From Terence Tao, via mastodon [0]:

> It is tempting to view the capability of current AI technology as a singular quantity: either a given task X is within the ability of current tools, or it is not. However, there is in fact a very wide spread in capability (several orders of magnitude) depending on what resources and assistance gives the tool, and how one reports their results.

> One can illustrate this with a human metaphor. I will use the recently concluded International Mathematical Olympiad (IMO) as an example. Here, the format is that each country fields a team of six human contestants (high school students), led by a team leader (often a professional mathematician). Over the course of two days, each contestant is given four and a half hours on each day to solve three difficult mathematical problems, given only pen and paper. No communication between contestants (or with the team leader) during this period is permitted, although the contestants can ask the invigilators for clarification on the wording of the problems. The team leader advocates for the students in front of the IMO jury during the grading process, but is not involved in the IMO examination directly.

> The IMO is widely regarded as a highly selective measure of mathematical achievement for a high school student to be able to score well enough to receive a medal, particularly a gold medal or a perfect score; this year the threshold for the gold was 35/42, which corresponds to answering five of the six questions perfectly. Even answering one question perfectly merits an "honorable mention".

> But consider what happens to the difficulty level of the Olympiad if we alter the format in various ways:

* One gives the students several days to complete each question, rather than four and half hours for three questions. (To stretch the metaphor somewhat, consider a sci-fi scenario in the student is still only given four and a half hours, but the team leader places the students in some sort of expensive and energy-intensive time acceleration machine in which months or even years of time pass for the students during this period.)

* Before the exam starts, the team leader rewrites the questions in a format that the students find easier to work with.

* The team leader gives the students unlimited access to calculators, computer algebra packages, formal proof assistants, textbooks, or the ability to search the internet.

* The team leader has the six student team work on the same problem simultaneously, communicating with each other on their partial progress and reported dead ends.

* The team leader gives the students prompts in the direction of favorable approaches, and intervenes if one of the students is spending too much time on a direction that they know to be unlikely to succeed.

* Each of the six students on the team submit solutions, but the team leader selects only the "best" solution to submit to the competition, discarding the rest.

* If none of the students on the team obtains a satisfactory solution, the team leader does not submit any solution at all, and silently withdraws from the competition without their participation ever being noted.

> In each of these formats, the submitted solutions are still technically generated by the high school contestants, rather than the team leader. However, the reported success rate of the students on the competition can be dramatically affected by such changes of format; a student or team of students who might not even reach bronze medal performance if taking the competition under standard test conditions might instead reach gold medal performance under some of the modified formats indicated above.

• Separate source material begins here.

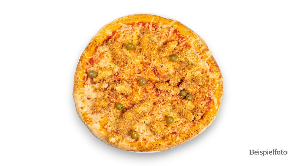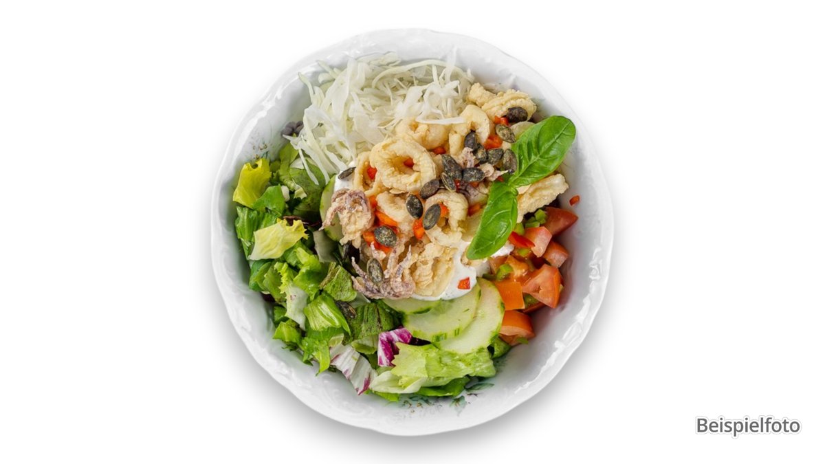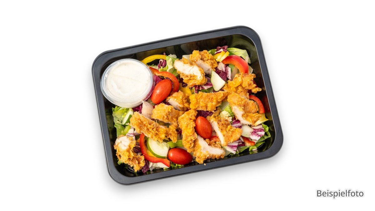 Schnitzelstreifen auf gemischtem Salat (Eisbergsalat, Tomaten, Gurken, Zwiebeln und Dressing)

> So, in the absence of a controlled test methodology that was not self-selected by the competing teams, one should be wary of making apples-to-apples comparisons between the performance of various AI models on competitions such as the IMO, or between such models and the human contestants.

> Related to this, I will not be commenting on any self-reported AI competition performance results for which the methodology was not disclosed in advance of the competition. EDIT: In particular, the above comments are not specific to any single result of this nature.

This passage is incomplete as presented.